A vertical look at customer needs?
Just one niche that AccessData has been targeting is the legal sector. UK managed services provider Esteem has a practice in that space. What focus is needed?
Alastair Kitching, sales and marketing director at Esteem, provides some clues: "Legal is not unique. We are dealing with businesses that have more remote, mobile workforces and dealing with a lot of M&A activity. They
Kitching says more and more data is being created, and then is required to comply with various regulations in storage terms and must be kept secure, which is a major undertaking for most.
"With that, security is obviously an important part of it, and that's part of what we do," he says.

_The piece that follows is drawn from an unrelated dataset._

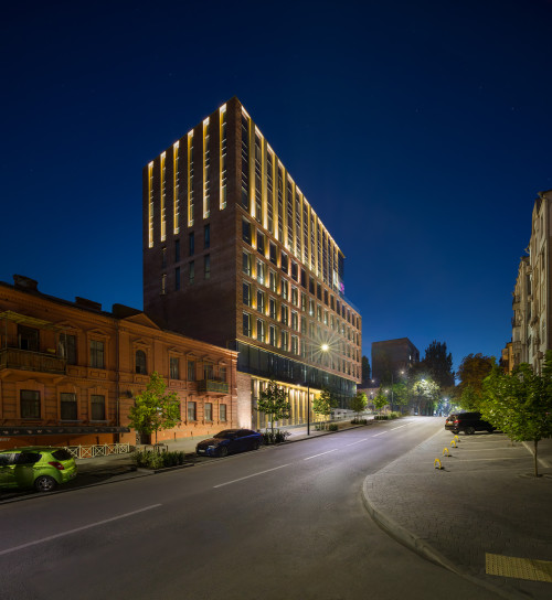 We designed custom lamps specifically for this project - they were very complex and truly unique in both shape and angles. Our main task was to bring out the glass, glass elements, and asymmetrical niches. Therefore, the lenses in these lamps are not the same along the entire length. The width of the corner varies, so it was very challenging and interesting in terms of designing and developing a special lamp. In addition, this is only the second project in Kyiv that is controlled by the world's most innovative and powerful control equipment for generative facade lighting from the British Pharos Architectural Controls, but with our operating system and our developed software that allows you to collect online data from the Internet so that the facade lighting reflects the rethinking of this Big Data. Since UNIT.City is about innovation and progressiveness, working with data, we felt that this approach was exactly what we needed to do here.

Esteem has found that the sector really seeks suppliers that are willing to take the time to understand their specific needs - a theme that comes up again and again among IT channel customers in all markets. Too many tier-one IT outsourcers are one size fits all, whereas smaller and larger firms, for example, tend to want a different approach.
Smaller legal firms tended to outsource as much as possible, whereas larger firms are more likely to select key functions to outsource, such as helpdesk support, maintenance or field services, according to Esteem.